第三章 世界樹の国と元勇者(アマレパークス編)


主人公が世界樹のアマレパークスで様々な出来事に遭遇するお話です。

仲間として戦闘狂の聖女ルルに続いてエルフの元勇者リベルが加わります。


週2回(月・木)の投稿となります。

よろしくお願いします。


第三章 世界樹の国と元勇者(264)

【アマレパークス編・地下都市ララピス】



264.『琥珀酒』は貴重品のようです(『琥珀』+『火酒』)



「ウィン、それはな、『ツチオニ』と読むんだ。」


僕とティティンさんの無言のやり取りを見て、察しのいいルカさんがそう教えてくれた。

僕の疑問顔とティティンさんの睨み顔で内容を読み取れるなんて、ルカさんの洞察力も侮れない。


ルルさんが『筋肉執事』とか呼ぶもんだから、どうしても脳筋タイプに見えてしまうんだけど・・・・・。
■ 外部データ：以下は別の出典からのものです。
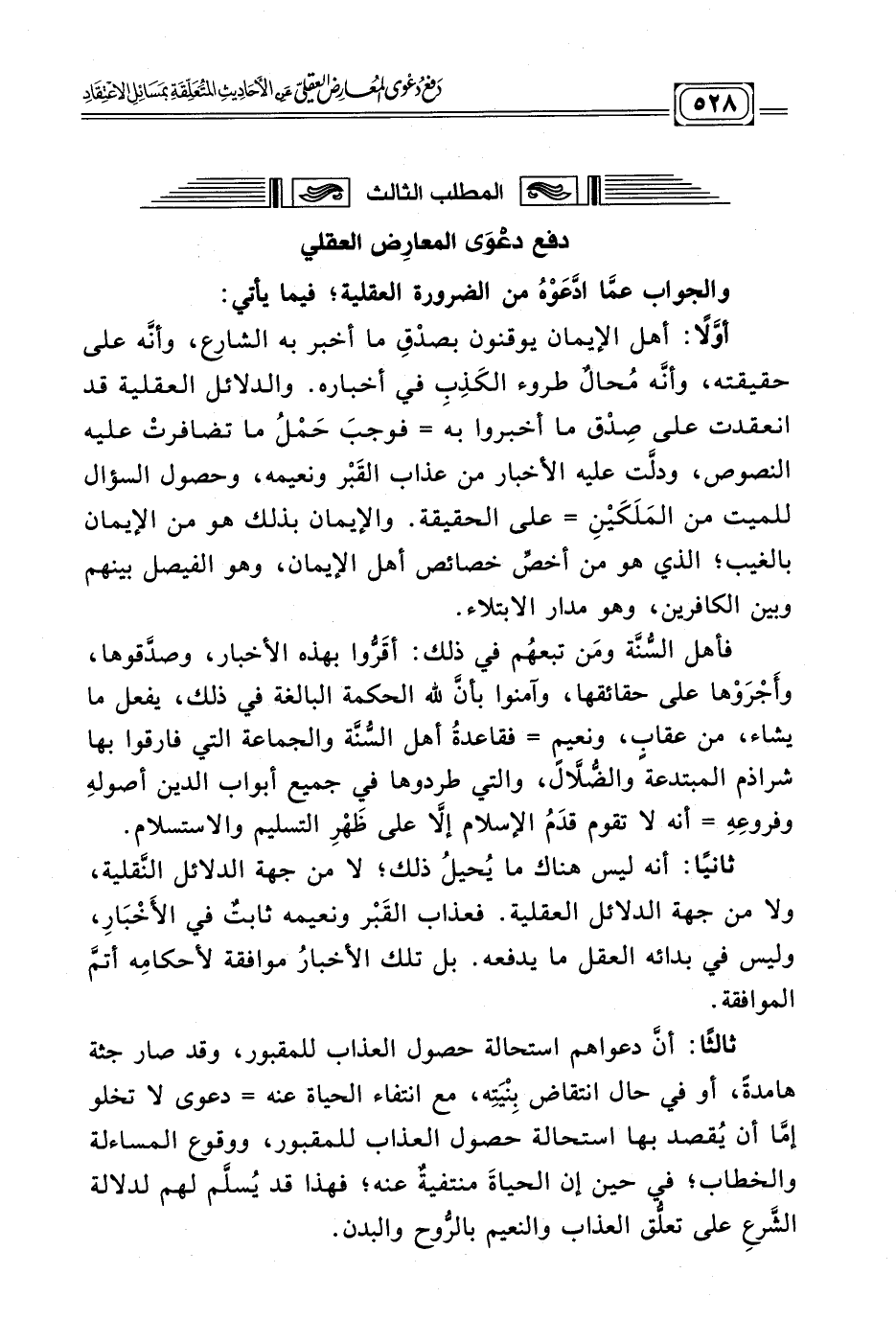المطلب الثالث: نَقْضُ دعْوَى المعارِض العقلي:

ルカさん、これでも商人ギルド・アマレ本部のギルド長だからね。


「ツチオニ!」


僕はルカさんの言葉を聞いて、思わず大きな声で叫んでしまった。

『旋風の槌鬼』という称号の字面自体、ティティンさんの優雅な外見に似合わないと思ってたけど、『ツチオニ』という音感はさらにミスマッチに感じる。


「ルカ君、後でハンマーでお仕置きさせてもらうからね。」


一方、読み方をバラされたティティンさんは、ルカさんのことをジロリと睨んで、低音ヴォイスでお仕置き宣言。

それにしてもハンマーでお仕置きって・・・・・ルカさん、どんなことになっちゃうんだろうか。


「でもルカさん、ティティンさんに『鬼』って・・・イメージが合いませんよね。」

「はっはっはっ、ウィン、こいつの普段の見た目に騙されちゃいけない。魔物相手にハンマーを振り回す様を見た日にゃ、震えあがっちまうからよ。」

「それほどなんですか? でもティティンさんって商人ですよね。」

「ティティンは元冒険者だ。『旋風の槌鬼』はその頃からの称号だな。ティティンは商人としては遅咲きだからな。」


そうなんですね。

だからジャコモさんと2歳しか違わないのに、一方は商人ギルド連合会の副会長まで務め上げ、一方はまだ支部のギルド長なのか。

まあ、ジャコモさんの域に達するには経験や年数だけじゃ無理かもしれないけど。


「フォッフォッフォッ、誰しも若い頃には黒歴史があるもんじゃ。そんなことよりコロロック討伐も済んだことじゃし、商人ギルドとしての報酬の話をせんとのう、ティティン殿?」

「そうでした。ではウィン君、報酬についてだけど事前に確定していなかったので事後交渉ということになる。ここまで迅速に対処してくれたので出し惜しみはしないが、何か欲しいものはあるか?」


そうでしたね。

報酬未定でした。

これって、冒険者パーティーのリーダーとしては失格だよな。


でもどうしても、ダンジョンとか魔物への興味が先走ってしまう。

うちのパーティーメンバー、報酬とかあんまり気にしないし。

ルルさんは戦えればいいし、リベルさんは食べ物があればいいし、僕は新しい体験ができればいい。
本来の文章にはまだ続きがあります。